= Exercise objective =
For the word "with", count the lines of the records that hold it, and give only that number.

= Data for this task =
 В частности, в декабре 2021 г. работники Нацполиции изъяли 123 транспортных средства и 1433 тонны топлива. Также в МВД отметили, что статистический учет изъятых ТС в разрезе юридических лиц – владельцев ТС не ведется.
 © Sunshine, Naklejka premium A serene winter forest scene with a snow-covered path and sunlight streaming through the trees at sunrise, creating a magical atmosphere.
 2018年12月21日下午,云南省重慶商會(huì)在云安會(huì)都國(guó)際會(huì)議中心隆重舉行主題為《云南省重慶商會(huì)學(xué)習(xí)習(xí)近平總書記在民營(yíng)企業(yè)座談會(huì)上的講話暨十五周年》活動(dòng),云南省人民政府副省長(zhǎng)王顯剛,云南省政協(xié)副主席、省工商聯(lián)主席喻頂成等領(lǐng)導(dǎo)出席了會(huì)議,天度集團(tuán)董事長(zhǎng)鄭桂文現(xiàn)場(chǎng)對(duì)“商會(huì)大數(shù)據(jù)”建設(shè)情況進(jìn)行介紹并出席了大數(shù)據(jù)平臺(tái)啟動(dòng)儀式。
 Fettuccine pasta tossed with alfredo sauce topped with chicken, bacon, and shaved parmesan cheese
--
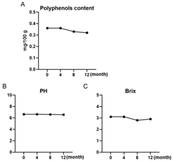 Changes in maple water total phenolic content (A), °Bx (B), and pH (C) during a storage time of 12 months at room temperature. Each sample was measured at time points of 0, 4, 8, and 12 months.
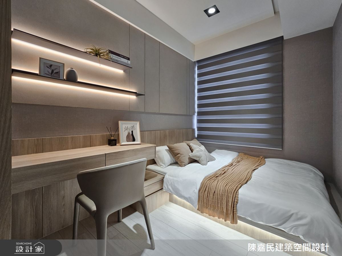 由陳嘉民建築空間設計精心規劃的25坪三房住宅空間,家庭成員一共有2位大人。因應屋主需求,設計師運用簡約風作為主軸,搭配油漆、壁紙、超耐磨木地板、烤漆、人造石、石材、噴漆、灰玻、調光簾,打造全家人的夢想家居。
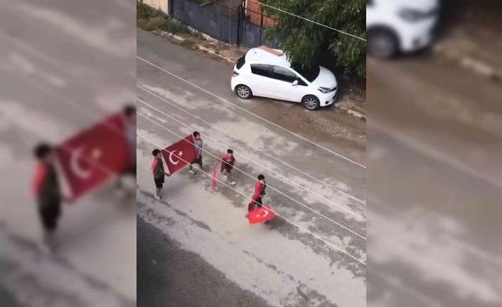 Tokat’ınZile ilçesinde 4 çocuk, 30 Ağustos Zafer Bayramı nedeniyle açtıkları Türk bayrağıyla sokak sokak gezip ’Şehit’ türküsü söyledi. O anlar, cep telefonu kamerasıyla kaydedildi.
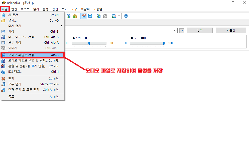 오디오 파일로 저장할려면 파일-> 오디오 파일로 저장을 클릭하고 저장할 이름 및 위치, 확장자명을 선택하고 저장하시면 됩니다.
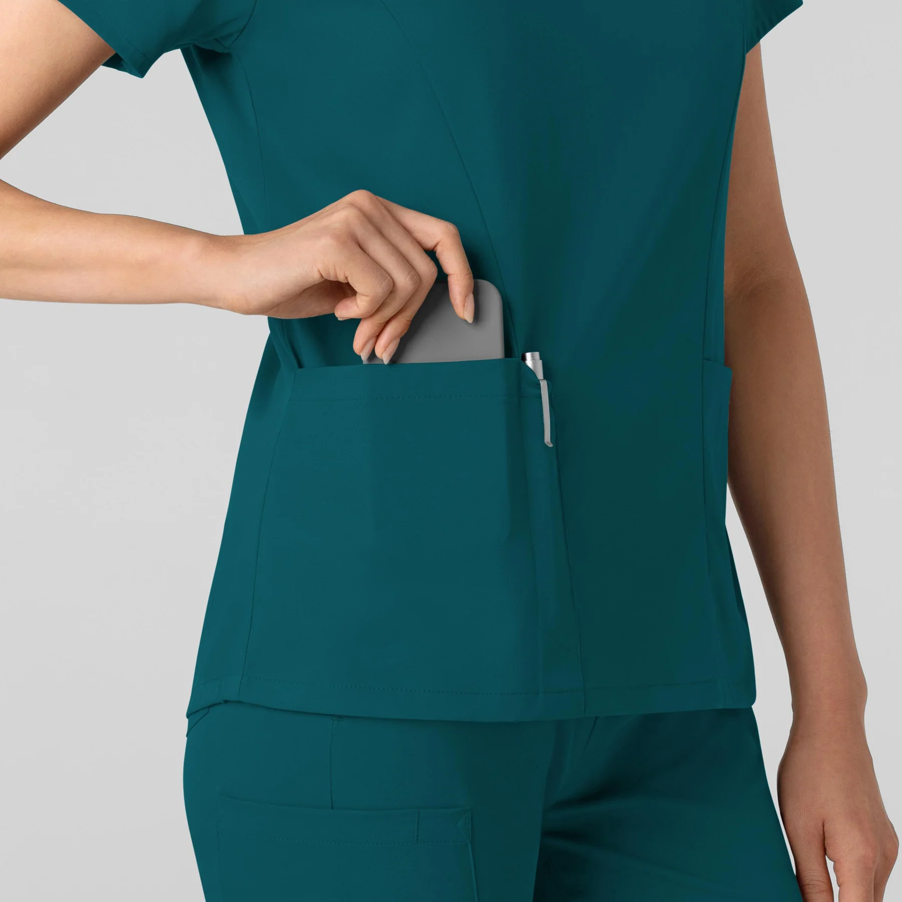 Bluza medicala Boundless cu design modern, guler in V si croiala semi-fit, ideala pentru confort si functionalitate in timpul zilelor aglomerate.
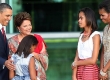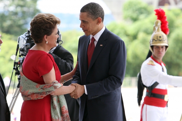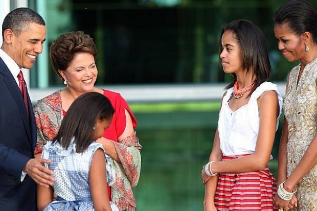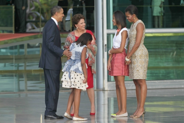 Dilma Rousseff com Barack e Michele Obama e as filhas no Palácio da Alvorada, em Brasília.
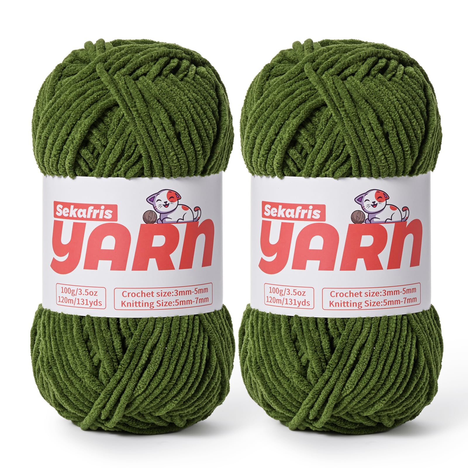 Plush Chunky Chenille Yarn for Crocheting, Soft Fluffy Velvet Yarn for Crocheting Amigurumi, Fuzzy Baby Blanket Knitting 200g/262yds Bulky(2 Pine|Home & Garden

= Task answer =
2